Немец продолжал сидеть.
На мирной земле полный, добродушный пожилой человек мирно отдыхал в тени двух раскидистых сикомор, расстегнув полотняную рубаху до середины потной груди, а вокруг безмятежно плавился в дневной жаре точно по мановению небес выросший за считанные десятилетия бодрый и гостеприимный город.
— Все же имей в виду, — глядя перед собою, сказал фон Шнобельштемпель с ленцой. — У нас все хотят разбогатеть. Очень сильно хотят. Но получается далеко не у всех. Надо действительно иметь что предложить…
— Думаю, — холодно усмехнувшись, не сдержался Зия, — у меня будет что предложить.
Фон Шнобельштемпель с улыбкою пожал плечами: мол, ну-ну, блажен, кто верует, а я предупредил. И вдруг — улыбку как ветром сдуло — цепко взглянул снизу вверх Зие в глаза и небрежно спросил:
— Баул Ванюшина?
Зию будто кинули в кипяток. Медленно, стараясь не подать виду, насколько ошеломлен, горец перевел дух. Сделал вид, что просто не понял вопроса.

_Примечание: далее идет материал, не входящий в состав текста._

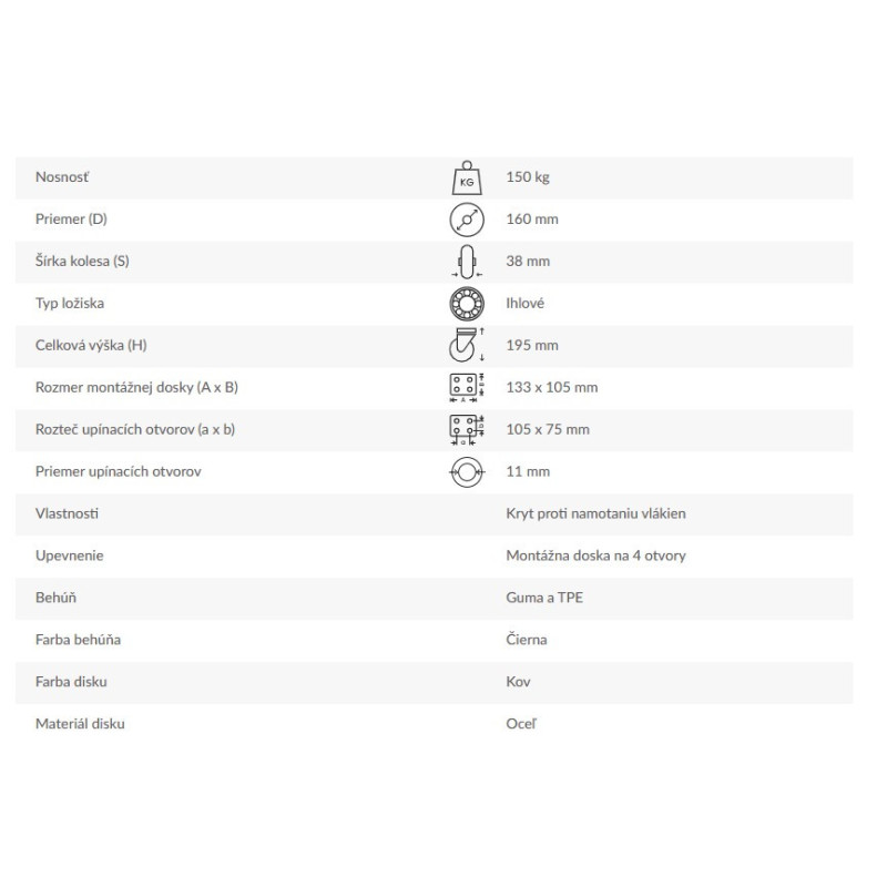 Otočné rolovacie koliesko s montážnou doskou na štyri otvory

— Я давно чувствую в себе призвание делового человека, — сказал он, постаравшись выставить себя совсем уж дурачком.
Фон Шнобельштемпель отвернулся.
— Итак, послезавтра здесь в это же время, — сказал Зия. — Я правильно понял?
— Угу, — равнодушно ответил фон Шнобельштемпель, уже не глядя на него.
На углу Бялика и Хохляцкой Зия оглянулся и, убедившись, что немец пропал за домами, достал из кармана трубку. Пискнул кнопкой перезвона.
Ответила, разумеется, Магда.
— Алло?
— Это я, — сказал Зия.
Ее нейтральный сухой тон сразу сменился неподдельно теплым.
— Наконец-то! — с искренним облечением сказала она. — Мы уж тут волноваться начали… У вас все хорошо?
— Лучше не бывает, — ответил Зия. — Освободился и готов ехать к вам.
Не только ютаям сочувствуют, подумал он. Находятся и впрямь хорошие люди, которые сочувствуют тем, кому надо, кому это ДЕЙСТВИТЕЛЬНО надо…
На какое-то мгновение Зие стало тошно от того, как он собирался отплатить им за сочувствие. Но я же не для себя, попытался успокоить он себя. Я же не из корысти… Это нужно всем, это нужно всему моему народу…
Помогло.
Мустафа.
Кто кого. Кто о ком сумеет понять, почувствовать и выяснить больше. Вопросы иногда оказываются информативнее ответов. В то, что глава этического управления одного из влиятельнейших улусов империи приехал сюда в такое время просто собирать материал для какой-то там книги, верилось с трудом. Книга, скорее всего, только предлог. Вопрос — предлог для чего?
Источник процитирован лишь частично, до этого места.